Ce que disent, à cette heure, les sources

Les informations disponibles tiennent en peu de lignes, et il faut s’en tenir là. Selon BFM (13 août 2026), trois personnes ont été gravement blessées par arme à feu à Besançon, et aucun suspect n’était arrêté au moment de la publication. Le Figaro, à la même date, confirme : trois hommes blessés par arme à feu, aucun suspect interpellé. Un second papier du Figaro, adossé à sa chaîne télévisée, qualifie l’événement d’« attaque à l’arme à feu » ayant fait trois blessés graves.

Au-delà de ce socle, tout reste à établir publiquement : l’heure précise, le nombre de tireurs, le mode opératoire, l’état exact des victimes, leurs profils, le mobile. Un média sérieux dit ce qu’il sait ; il dit aussi, sans détour, ce qu’il ignore.

Planoise, un nom qui, hélas, ne surprend plus

Qu’il faille encore, en 2026, écrire les mots « Planoise » et « tirs » dans la même phrase en dit long sur la lassitude d’un quartier bisontin devenu, au fil des années, un repère cartographique des rubriques faits divers. Ce n’est pas ici le lieu d’un procès en négligence sans preuves nouvelles ; ce serait toutefois se moquer du lecteur que de présenter l’événement comme un coup de tonnerre isolé.
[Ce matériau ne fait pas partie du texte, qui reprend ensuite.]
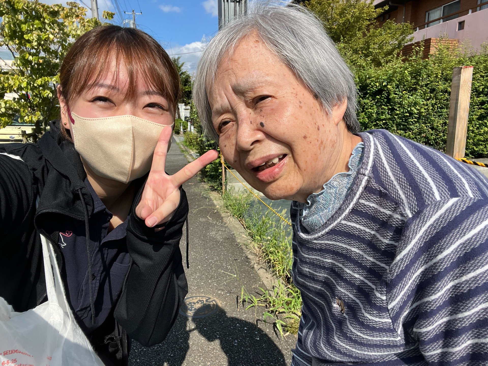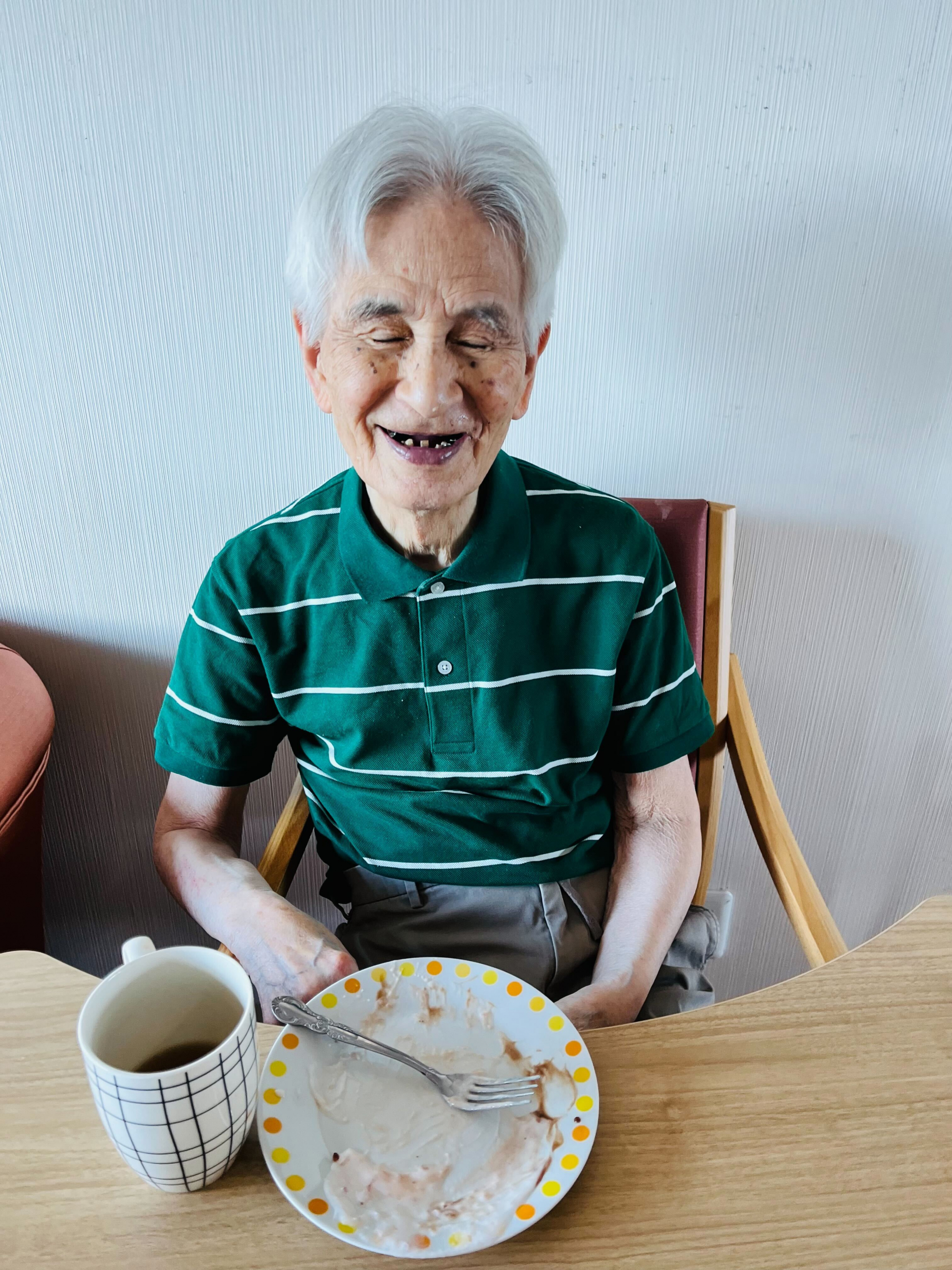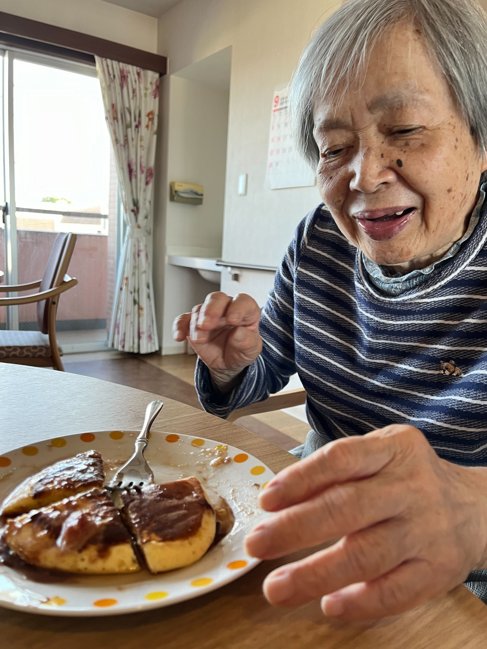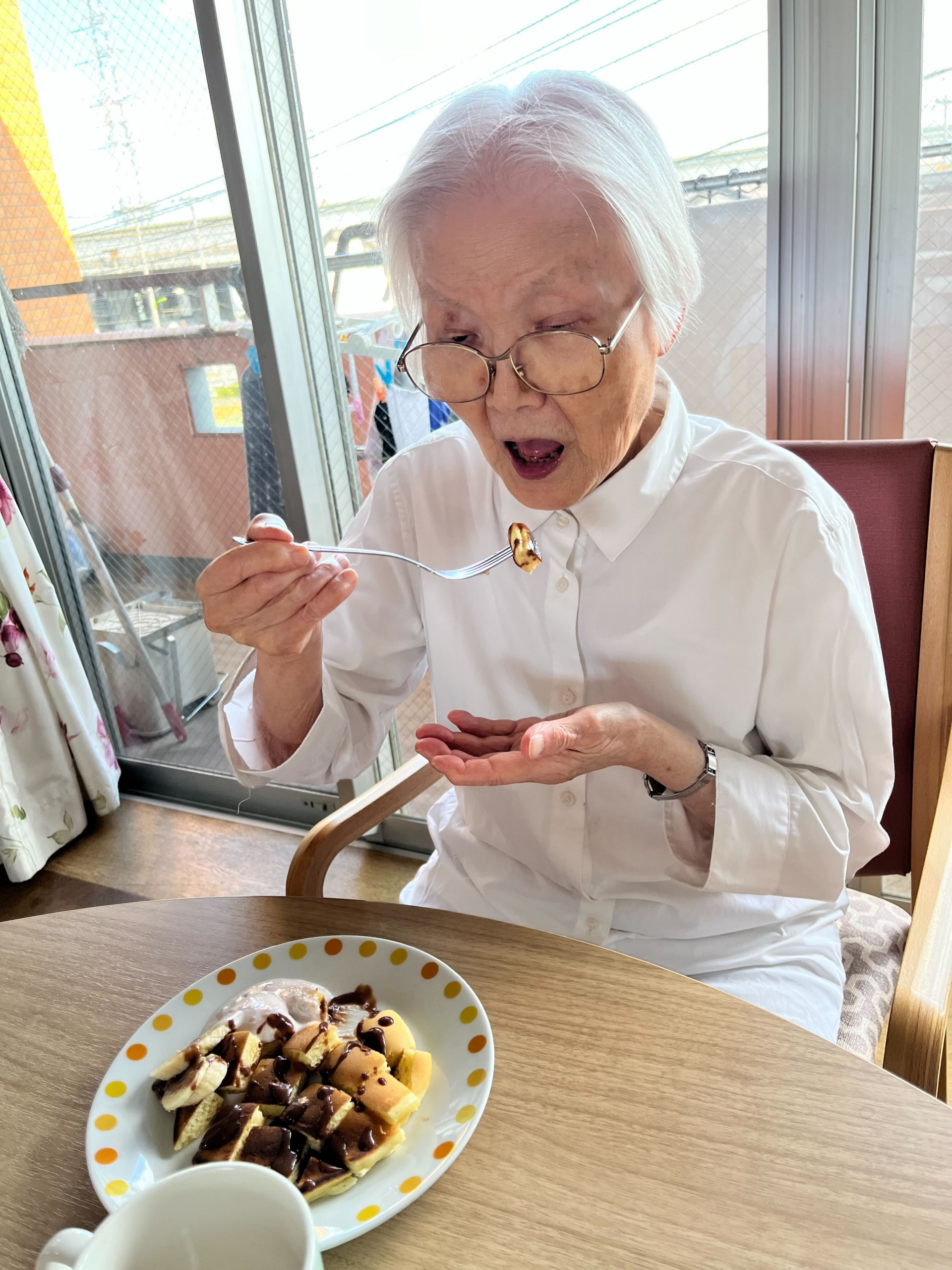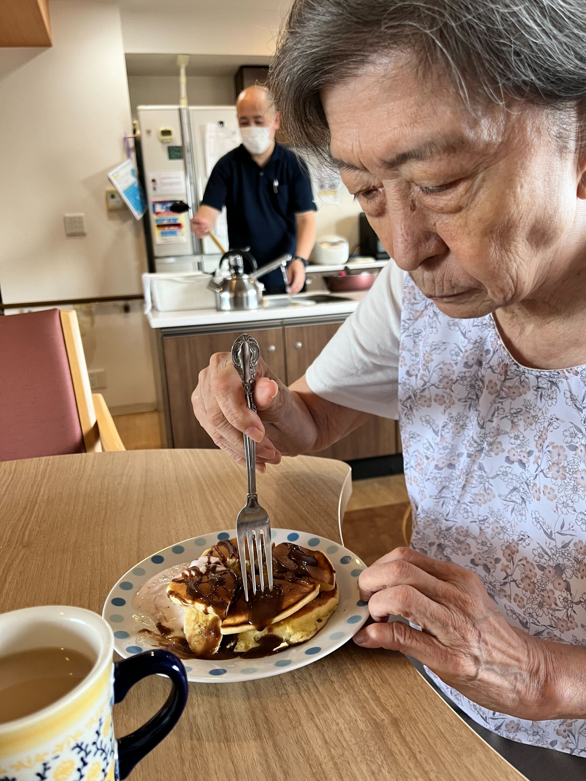 施設に帰り、職員がホットケーキを焼いていると、「いい匂いだ、早く食べたいね」と皆さん完成が待ち遠しい様子。

Il s’inscrit dans une série documentée d’épisodes violents liés, pour nombre d’entre eux, à l’économie parallèle des stupéfiants — série que les pouvoirs publics connaissent, commentent, et à laquelle, jusqu’ici, ils n’ont pas mis fin.
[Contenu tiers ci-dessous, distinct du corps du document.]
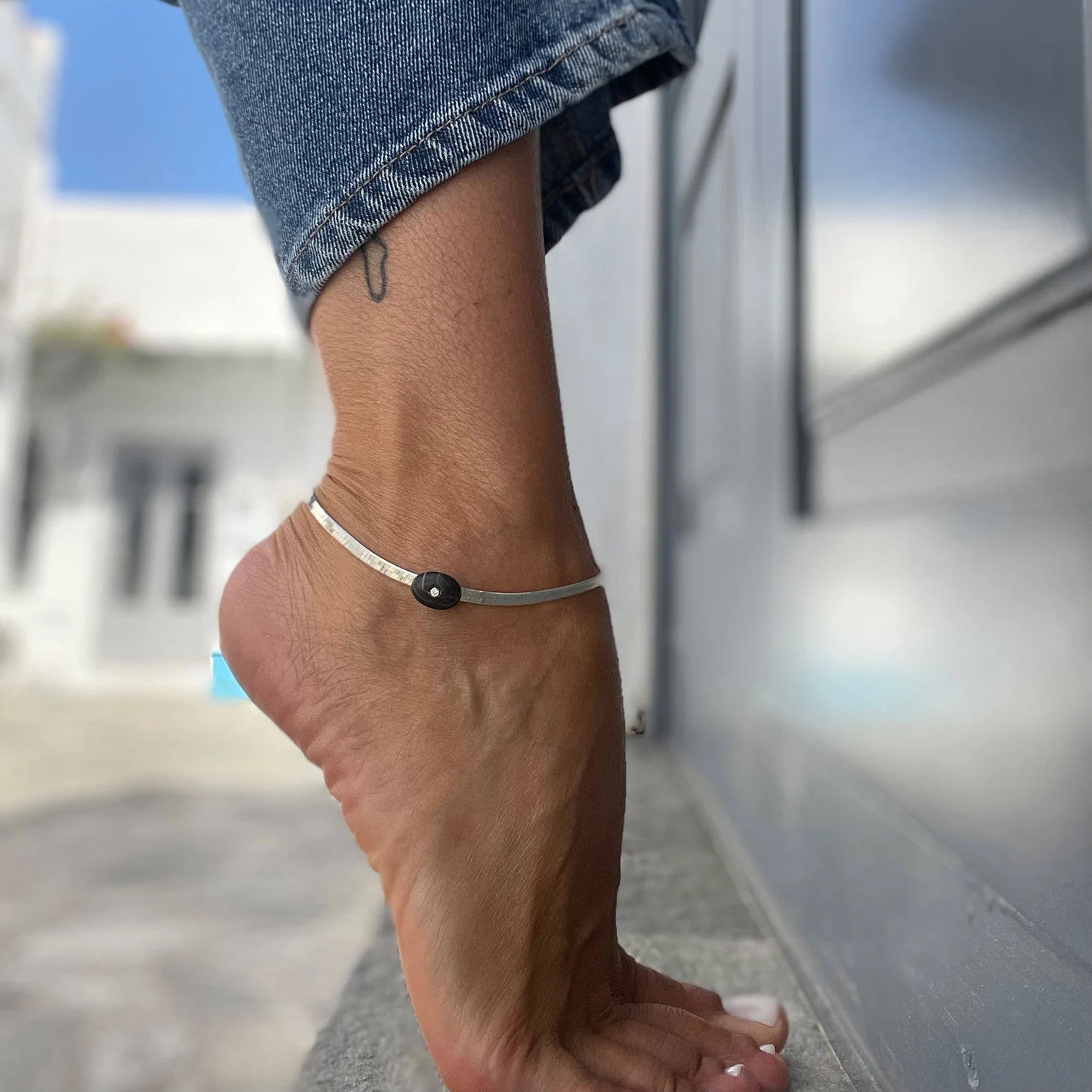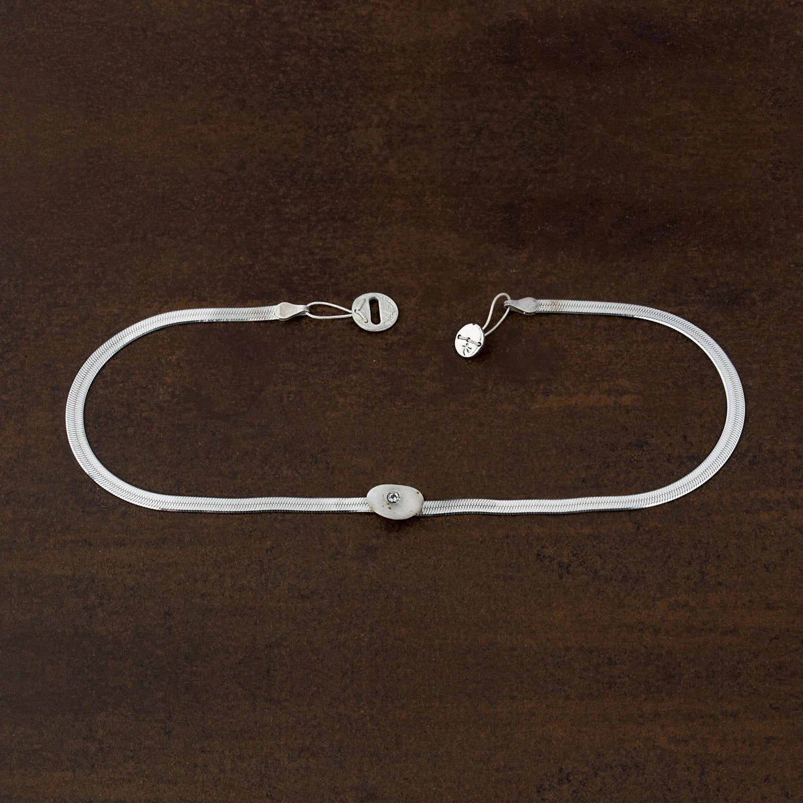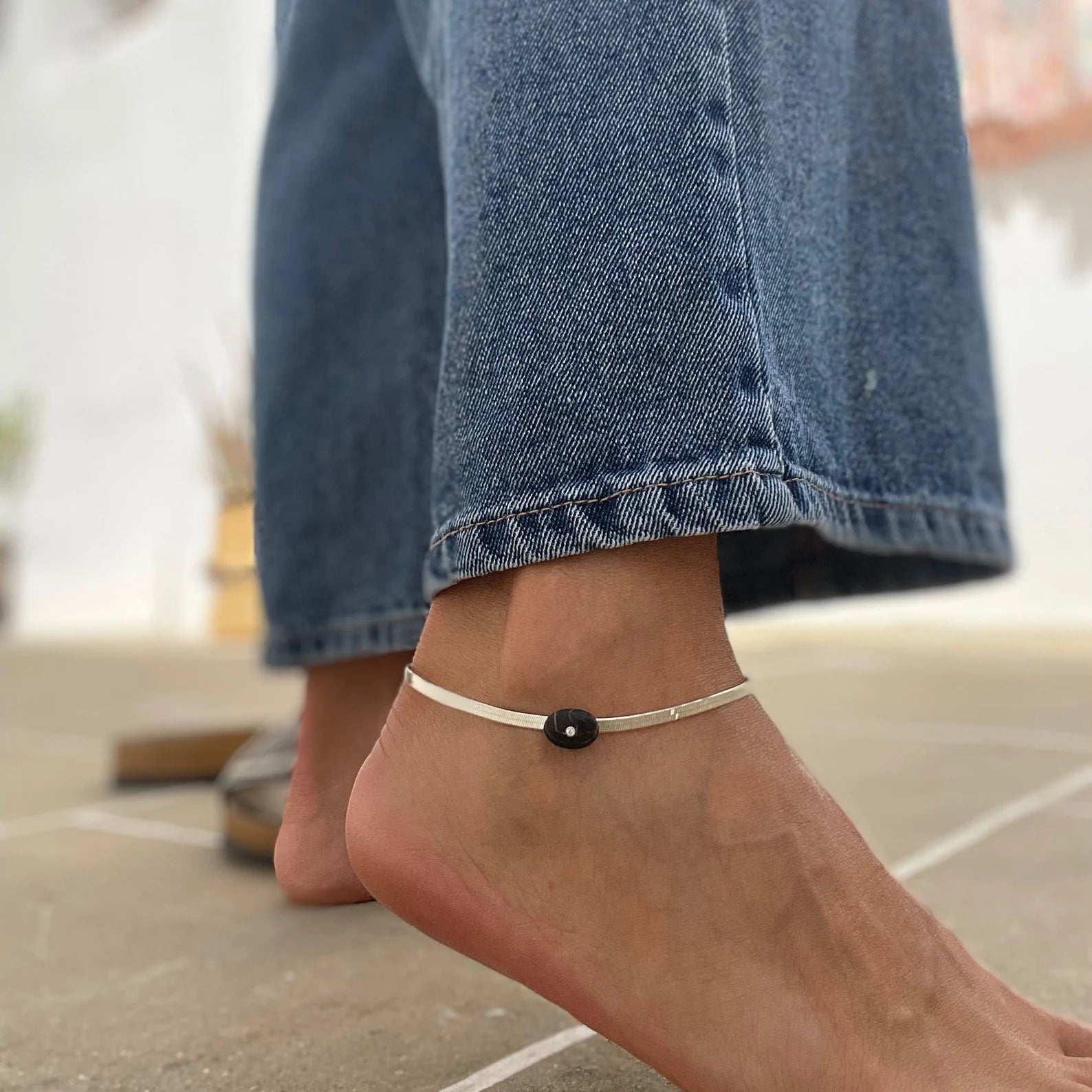 Brățară de gleznă | Lănțișor argint tip șarpe cu pietricică de plajă și zircon | Handmade de Ariadni Kypri | Colecția Ydor

Qu’on nous permette de le formuler ainsi : lorsqu’un quartier devient un mot-clé, c’est que quelque chose, dans la politique publique qui lui est appliquée, a cessé de fonctionner.

Ce que cela change concrètement

Pour les riverains de Planoise, la nuit du 12 au 13 août sera, à court terme, celle d’une présence policière renforcée et d’une enquête ouverte — les sources citées ne détaillent pas encore le cadre judiciaire. Pour les Bisontins qui vivent ailleurs, l’événement rappelle une évidence désagréable : la sécurité d’une ville moyenne se joue rue par rue, et l’absence, à ce stade, de suspect interpellé signifie que le ou les auteurs sont, à l’heure où ces lignes s’écrivent, en fuite.

Ce qu’il faudra surveiller dans les prochaines heures

Trois éléments manquent et détermineront la lecture du dossier :

  • l’évolution de l’état des trois blessés, qualifiés de graves par Le Figaro et BFM ;
  • le cadre exact ouvert par le parquet et la qualification retenue ;
  • l’identification éventuelle d’un mobile — règlement de comptes, différend privé, autre — qui, seul, permettra de rattacher ou non cet épisode à la série connue.

D’ici là, une seule règle vaut : ne pas confondre l’émotion légitime que suscite une fusillade en pleine rue avec les conclusions qu’il reviendra aux enquêteurs, et à eux seuls, d’établir.